Programmation Objet
Il y a tant à dire sur la programmation objet que je ne dirai pas tout !
Ça a été d’abord une révélation ! Je retrouvais l’esprit des LEGOS qui m’avait tant occupé enfant, cette possibilité de construire à partir de briques élémentaires, des bateaux, des camions, des châteaux, des vaisseaux spatiaux… Avec la programmation objet, c’est la conception elle-même qui devenait ludique ! Peut-être aussi la conséquence d’un esprit imaginatif mais le fait de voir en chaque objet une entité propre, vivante, s’exécutant, se détruisant, autonome tout en collaborant avec d’autres, c’était comme mettre en scène un petit théâtre, fabriquer un décor, animer des objets, diriger des acteurs…

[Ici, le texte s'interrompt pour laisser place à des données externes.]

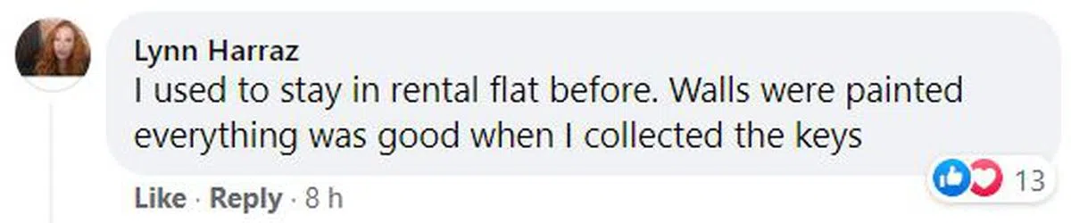 以下网民称她曾住过租赁组屋,拿钥匙交付时一切良好,就连墙壁都有重新粉刷过。
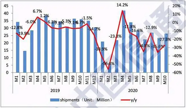 10月,國內手機市場總體出貨量2615.3萬部,同比下降27.3%;1-10月,國內手機市場總體出貨量累計2.52億部,同比下降22.1%。
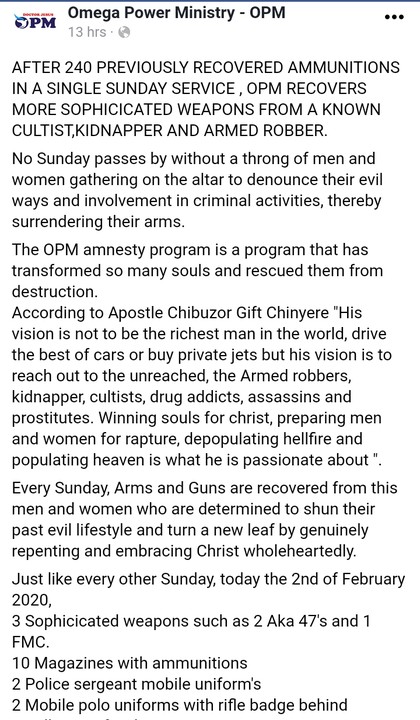 AFTER 240 PREVIOUSLY RECOVERED AMMUNITION IN A SINGLE SUNDAY SERVICE , OPM RECOVERS MORE SOPHISTICATED WEAPONS FROM A KNOWN CULTIST,KIDNAPPER AND ARMED ROBBER.
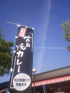 有田陶器市が終わりました。今年も全国からたくさんの方々に起こし頂きました。本当にありがとうございました~ 微力ながら、有田焼に入った駅弁「有田焼カレー」のお手伝いをさせて頂きました。 空には、飛行機雲がクロスしています。珍しいですよね~。写真撮ってたら、さらに2機☆ 応援ありがとうございます^^
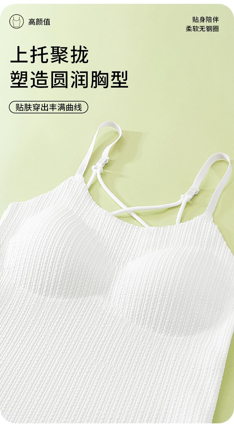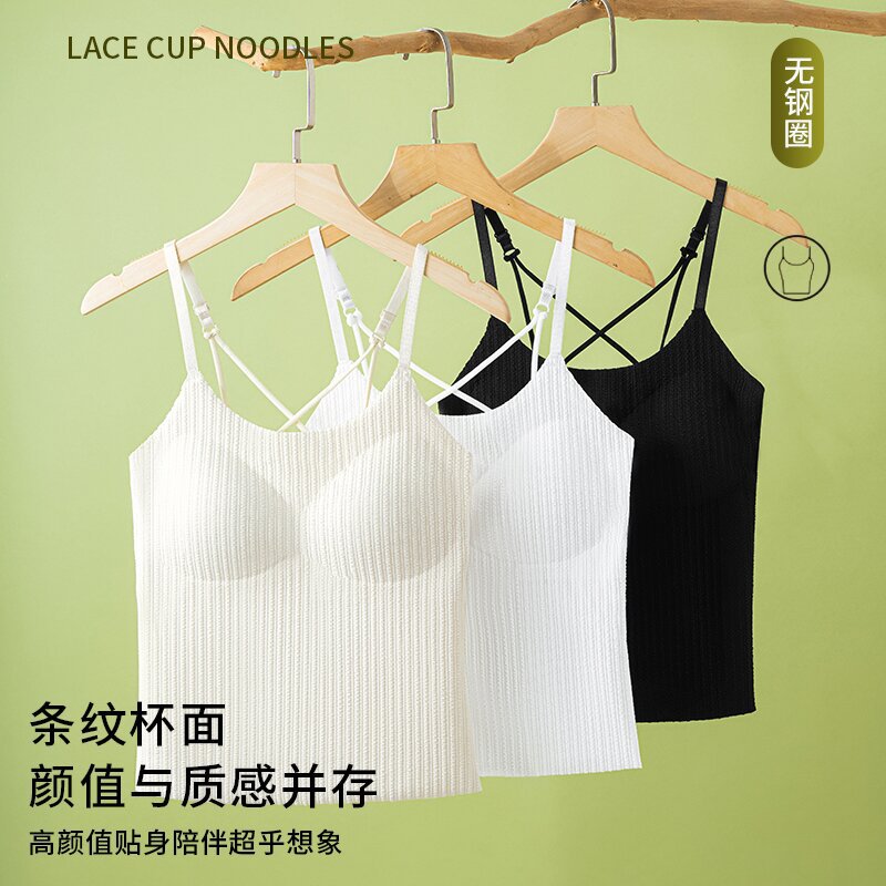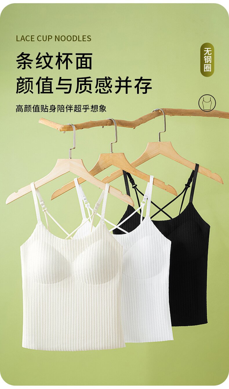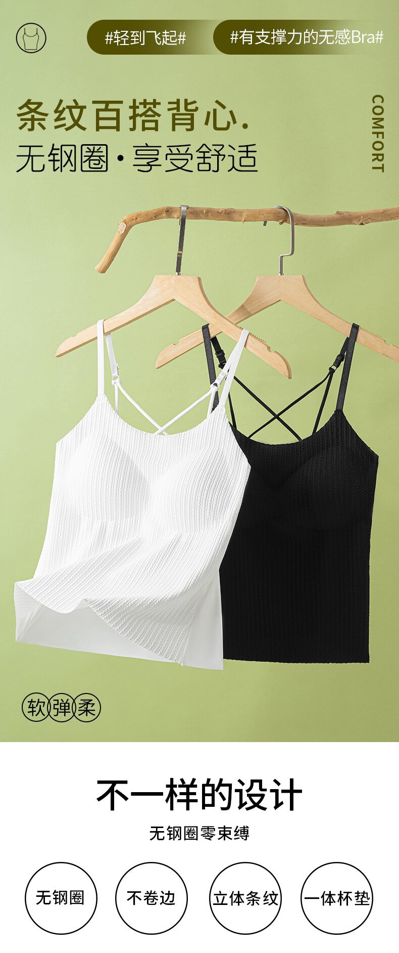直播爆款夏季条纹百搭吊带背心女内搭外穿收副乳显瘦无痕交叉美背
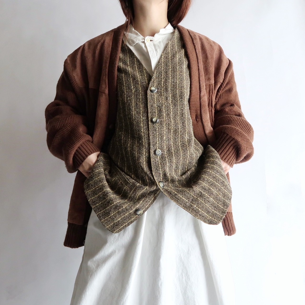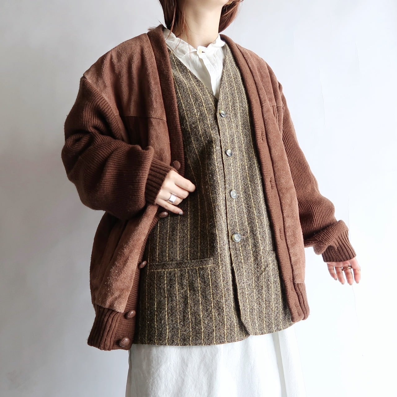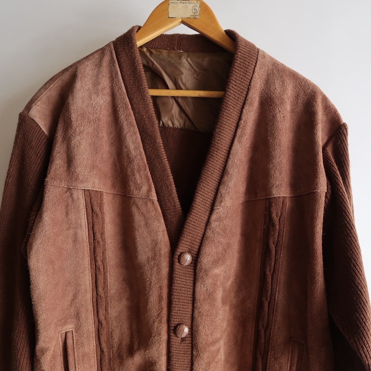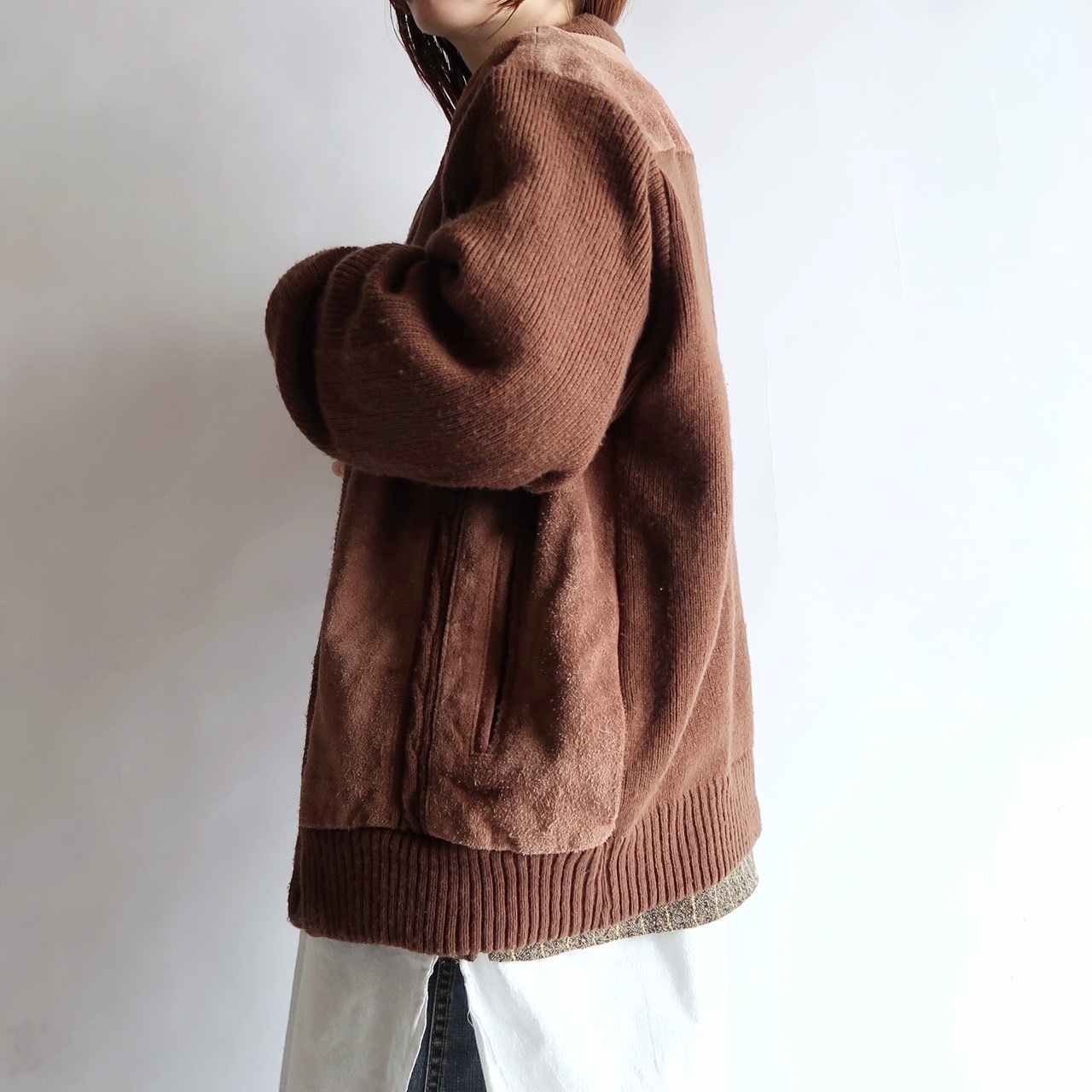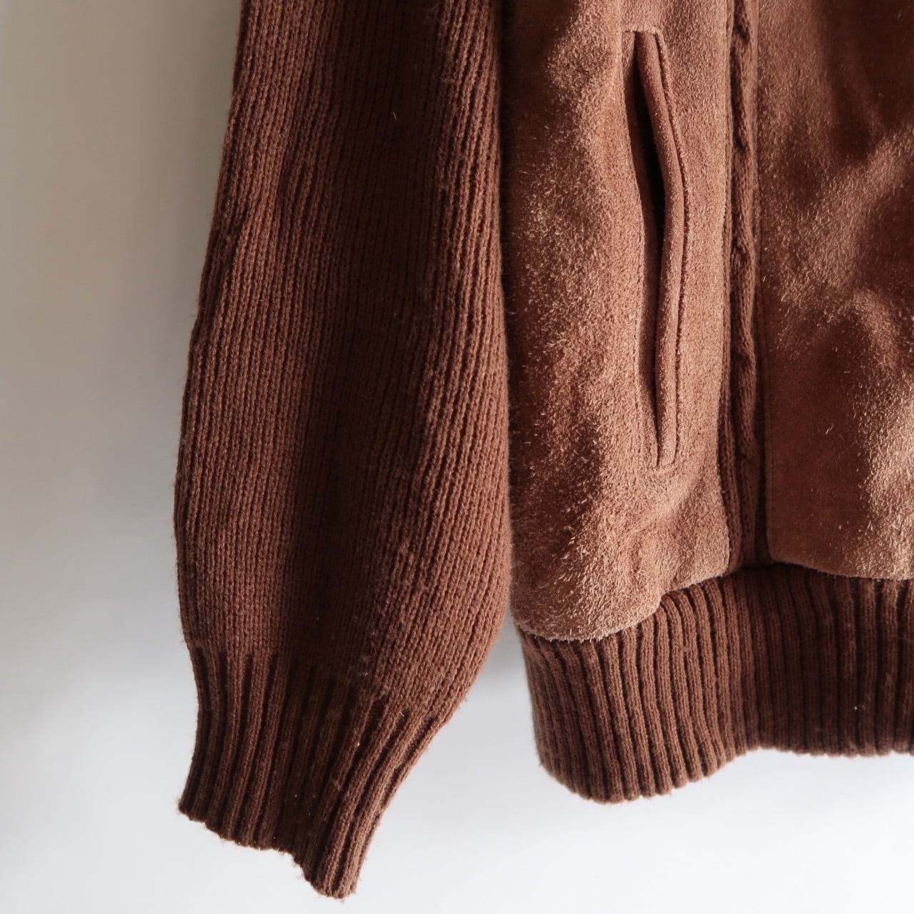 suede leather trim knit cardigan
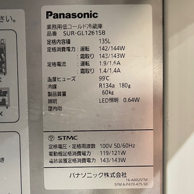 【中古】Panasonic/パナソニック 業務用 コールドテーブル 低コールド冷蔵庫 業務用冷蔵庫 H600mm SUR-GL1261SB 135L 2021年製
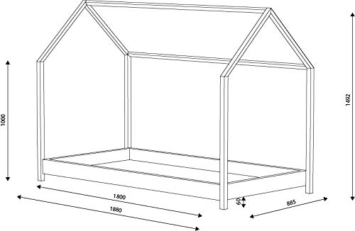 WFL GROUP Letto Montessori design a Casetta 90x200 80x180x160 - Letto a Capanna per Bambini - Per Bambini e Bambine - Legno di Pino naturale - Bianco - 180x80
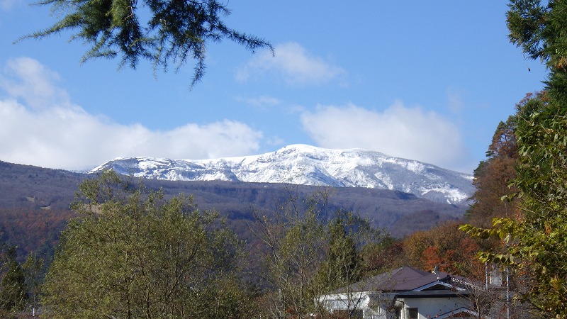 遠刈田の紅葉と雪 2025年11月13日紅葉は遠刈田にも降りています。刈田嶺神社のモミジとイチョウの対比が見事です。また、山には雪。熊野岳は真っ白。屏風岳も白くなりつつあります。 家の周りは、もう落葉です。グリーンカーテンのネットも外して、冬の準備です。
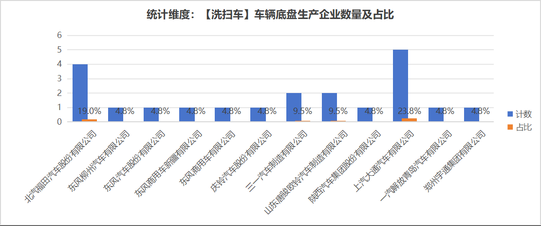 本次公告中的21款洗掃車(chē)的底盤(pán)生產(chǎn)企業(yè)共有12家,北汽福田汽車(chē)股份有限公司(4輛,占比19.0%)、東風(fēng)柳州汽車(chē)有限公司(1輛,占比4.8%)、東風(fēng)汽車(chē)股份有限公司(1輛,占比4.8%)、東風(fēng)商用車(chē)新疆有限公司(1輛,占比4.8%)、東風(fēng)商用車(chē)有限公司(1輛,占比4.8%)、慶鈴汽車(chē)股份有限公司(1輛,占比4.8%)、三一汽車(chē)制造有限公司(2輛,占比9.5%)、山東唐駿歐鈴汽車(chē)制造有限公司(2輛,占比9.5%)、陜西汽車(chē)集團(tuán)股份有限公司(1輛,占比4.8%)、上汽大通汽車(chē)有限公司(5輛,占比23.8%)、一汽解放青島汽車(chē)有限公司(1輛,占比4.8%)、鄭州宇通集團(tuán)有限公司(1輛,占比4.8%)。本次公告中的21款洗掃車(chē)中,均采用二類(lèi)底盤(pán)。

Je crois que si je ne me suis jamais ennuyé dans mon métier, c’est grâce à la programmation objet.
Et pour cause, sacrée ambition en introduction du cours magistral de Smalltalk, la philosophie de la programmation objet est de pouvoir modéliser et simuler le réel. Mais c’est quoi un objet ? Encore une fois, le cours nous envoyait sur une orbite plutôt élevée. “On sait qu’il n’est pas possible de définir rigoureusement en dehors des mathématiques, personne n’a à ce jour donné une définition mathématique d’un objet. Nous allons proposer une définition la plus rigoureuse possible bien que non complètement mathématisée”
Le professeur de Smalltalk proposait à l’époque une grammaire graphique pour représenter un objet. C’était un langage formel qu’il avait inventé, entre diagramme d’automate et diagramme de collaboration UML, sans doute anecdotique même si c’est pertinent de considérer l’objet comme un automate.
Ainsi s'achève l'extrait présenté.